Give back every line of the data exactly. Pictures are not part of the copy.

Given data -

-------

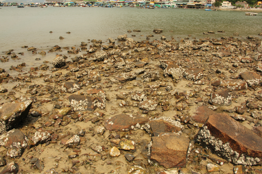 过了神风动继续前行就是索罟灣滩了,这里是个淤泥滩,虽然不适合下水但却很适合生蚝这东西生长,一样看去石头上满是生蚝的壳,渔民则在泥中打捞大把的新鲜牡蛎。
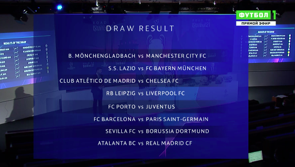 Список несеяных команд жеребьевки ЛЧ (тех, что заняли второе место в своей группе): «Атлетико», «Боруссия» (Менхенгладбах), «Порту», «Аталанта», «Севилья», «Лацио», «Барселона» и «РБ Лейпциг».
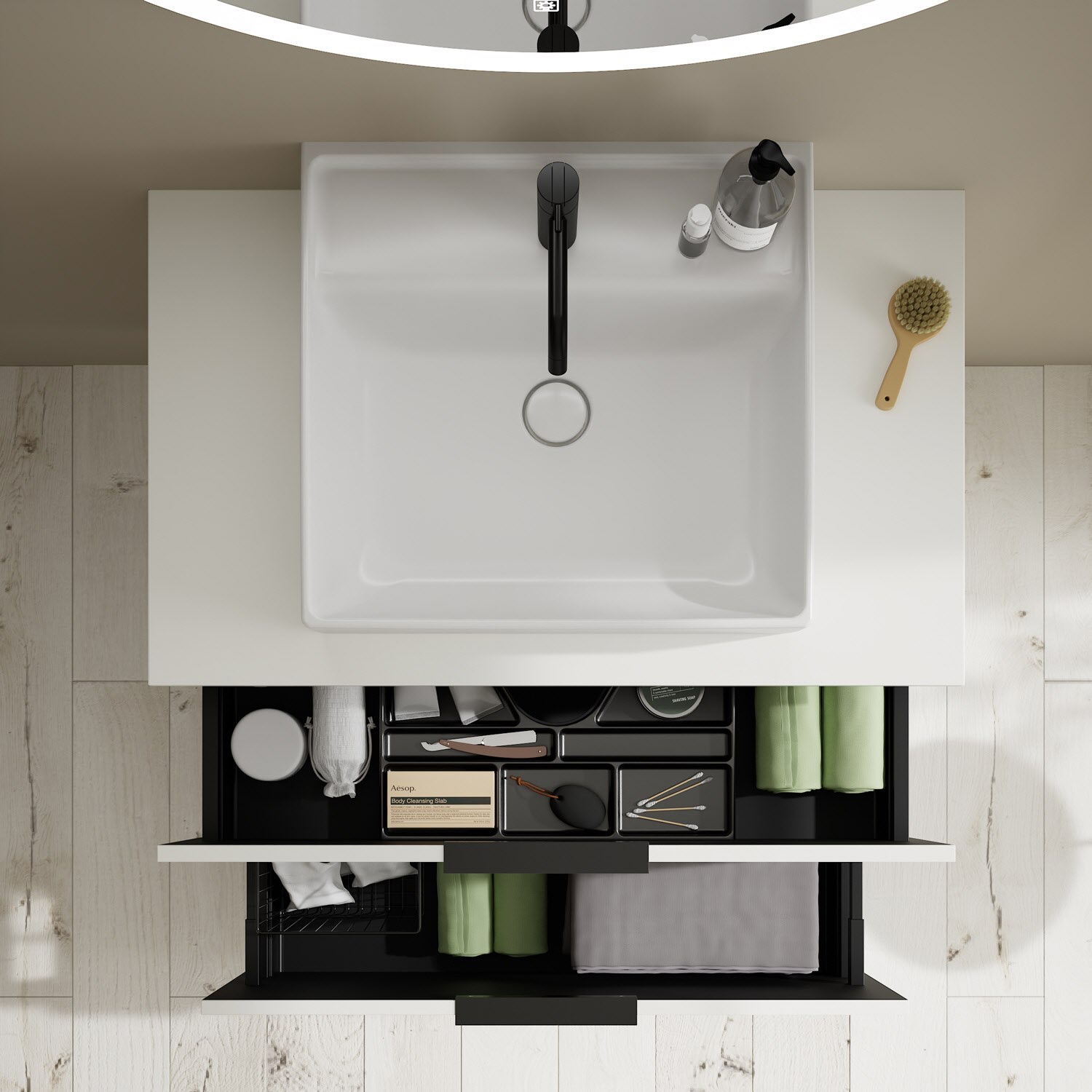 - 1 Schublade oben, 35 cm tief, mit Siphonausschnitt und Inneneinteilung

-------

Solution for this problem -
 过了神风动继续前行就是索罟灣滩了,这里是个淤泥滩,虽然不适合下水但却很适合生蚝这东西生长,一样看去石头上满是生蚝的壳,渔民则在泥中打捞大把的新鲜牡蛎。
 Список несеяных команд жеребьевки ЛЧ (тех, что заняли второе место в своей группе): «Атлетико», «Боруссия» (Менхенгладбах), «Порту», «Аталанта», «Севилья», «Лацио», «Барселона» и «РБ Лейпциг».
 - 1 Schublade oben, 35 cm tief, mit Siphonausschnitt und Inneneinteilung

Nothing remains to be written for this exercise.